- _Try it_
Go through the listing below and retype exactly the lines starting at the one with "在中心茶歇馆的福牌阿胶展位上" and ending at the one with "ist jedoch, dass", skipping pictures.

___ Extracted information

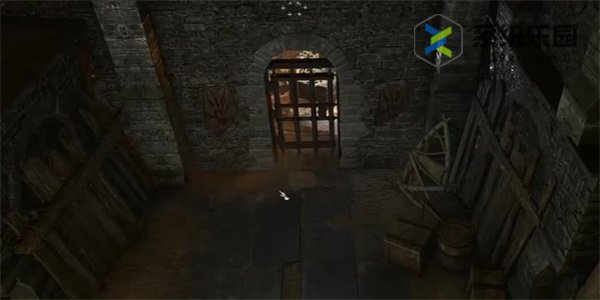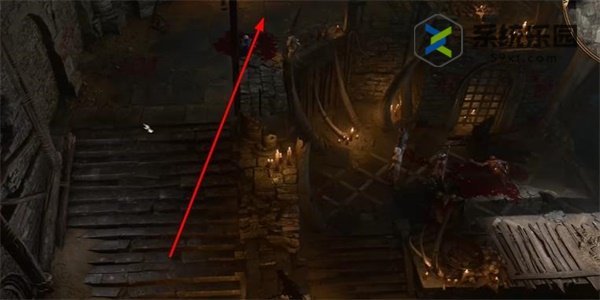 2、接着需要进入下图的房间当中按照标记的路线走到楼梯上,可以看到一扇大门
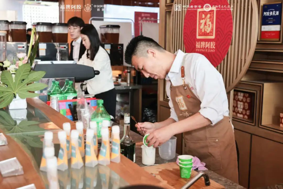 在中心茶歇馆的福牌阿胶展位上,福牌阿胶以破局为题进行“大滋补时代交流会”,与业内同仁一起剖析当代市场趋势,重构品牌力、产品力、服务力、渠道力和模式力组成的“大滋补全新五力增长模型”,围绕大滋补时代的产品创新,分享阿胶4.0概念,以“双参”爆品引领大滋补时代。
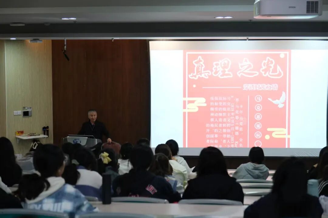 讲座中,陈方平老师以深厚的理论素养和开阔的学术视野,系统阐述了马克思主义创始人卡尔·马克思的思想体系。他围绕指导思想、学术成就、理论勇气与人格魅力四个维度层层展开,将马克思的人生轨迹与理论贡献娓娓道来,使这位思想巨匠的形象跃然于课堂,理论的光芒照进现实。
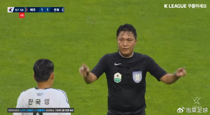 韩国当地时间10月3日,K1和K2联赛第32轮分别在济州和城南开战。在K1的舞台,上轮遭遇裁判“操控比赛”的济州SK FC迎来了立志客场赢球提前夺冠的全北现代汽车,结果他们在半场0-1落后的情况下,依靠南泰熙在第96分钟的禁区内怒射,1-1逼平对手,拒绝了对手赢球提前夺冠的美梦。
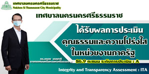 เทศบาลนครนครศรีธรรมราช ได้รับผลการประเมินคุณธรรมและความโปร่งใสในหน่วยงานภาครัฐ Integrity and Transparency Assessment : ITA |
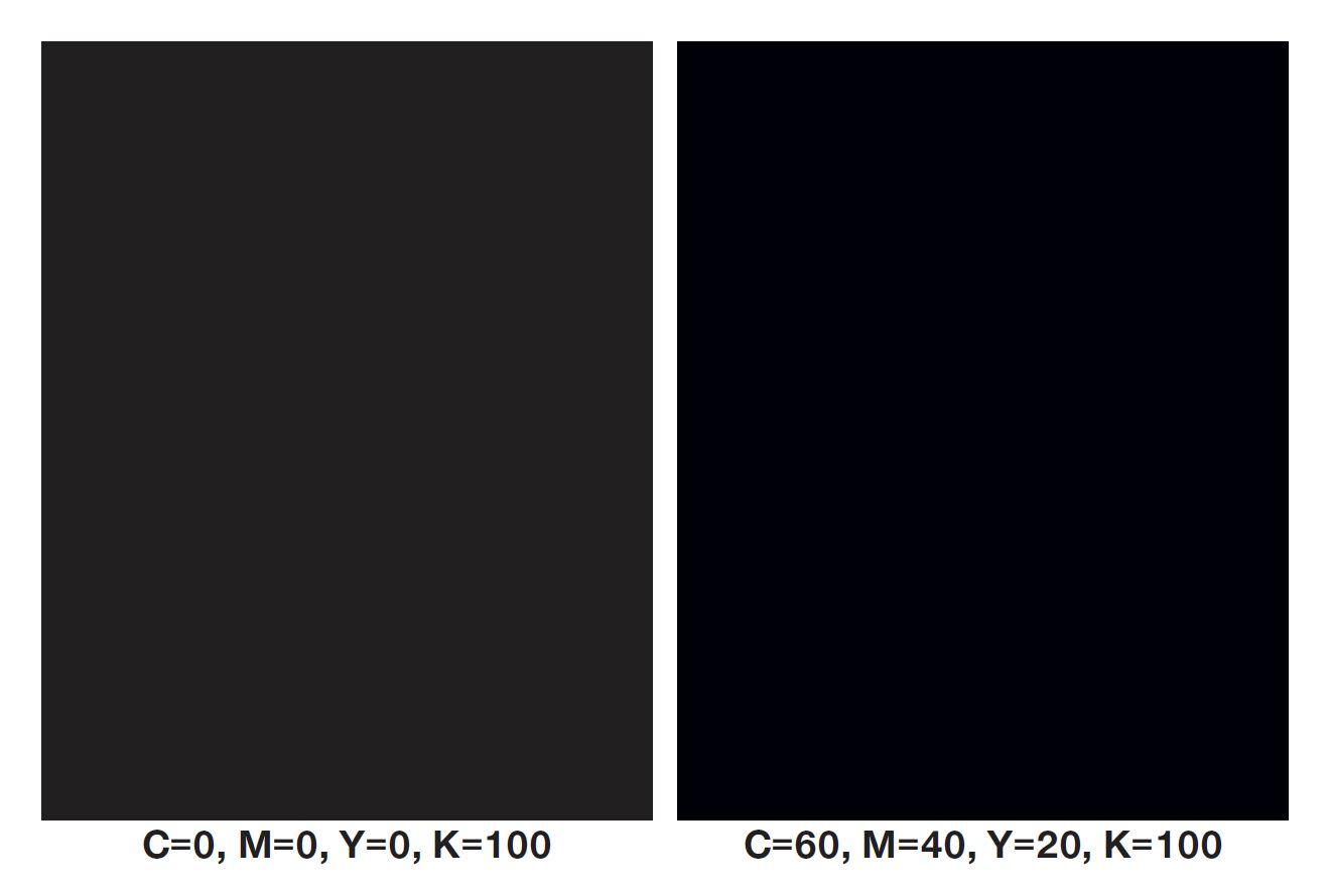 „Fakt ist jedoch, dass ein reines Schwarz, also C=0, M=0, Y=0, K=100, nicht genügend Tiefe, Deckkraft und Sättigung hat, um vor allem größere Elemente in einem kräftigen Schwarz erstrahlen zu lassen“
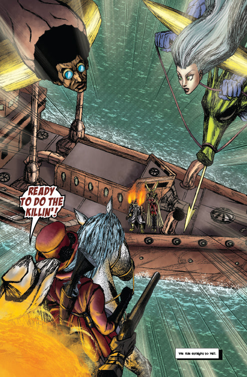 In Last Ride of the 4 Horsemen: Tribulation 2, Cager Dobbin - in his new role as the Horseman Death - leads his own congregation of four horsemen against the very purveyors of the Steampunk Apocalypse in the ultimate tour of vengeance. As these four broken, violent souls descend on the planet that holds these monsters, can they remain a force with one, single-minded goal, or will the wily, omnipotent beings that manipulate them splinter the whole into four warring horsemen?

______

- _Task output_
 在中心茶歇馆的福牌阿胶展位上,福牌阿胶以破局为题进行“大滋补时代交流会”,与业内同仁一起剖析当代市场趋势,重构品牌力、产品力、服务力、渠道力和模式力组成的“大滋补全新五力增长模型”,围绕大滋补时代的产品创新,分享阿胶4.0概念,以“双参”爆品引领大滋补时代。
 讲座中,陈方平老师以深厚的理论素养和开阔的学术视野,系统阐述了马克思主义创始人卡尔·马克思的思想体系。他围绕指导思想、学术成就、理论勇气与人格魅力四个维度层层展开,将马克思的人生轨迹与理论贡献娓娓道来,使这位思想巨匠的形象跃然于课堂,理论的光芒照进现实。
 韩国当地时间10月3日,K1和K2联赛第32轮分别在济州和城南开战。在K1的舞台,上轮遭遇裁判“操控比赛”的济州SK FC迎来了立志客场赢球提前夺冠的全北现代汽车,结果他们在半场0-1落后的情况下,依靠南泰熙在第96分钟的禁区内怒射,1-1逼平对手,拒绝了对手赢球提前夺冠的美梦。
 เทศบาลนครนครศรีธรรมราช ได้รับผลการประเมินคุณธรรมและความโปร่งใสในหน่วยงานภาครัฐ Integrity and Transparency Assessment : ITA |
 „Fakt ist jedoch, dass ein reines Schwarz, also C=0, M=0, Y=0, K=100, nicht genügend Tiefe, Deckkraft und Sättigung hat, um vor allem größere Elemente in einem kräftigen Schwarz erstrahlen zu lassen“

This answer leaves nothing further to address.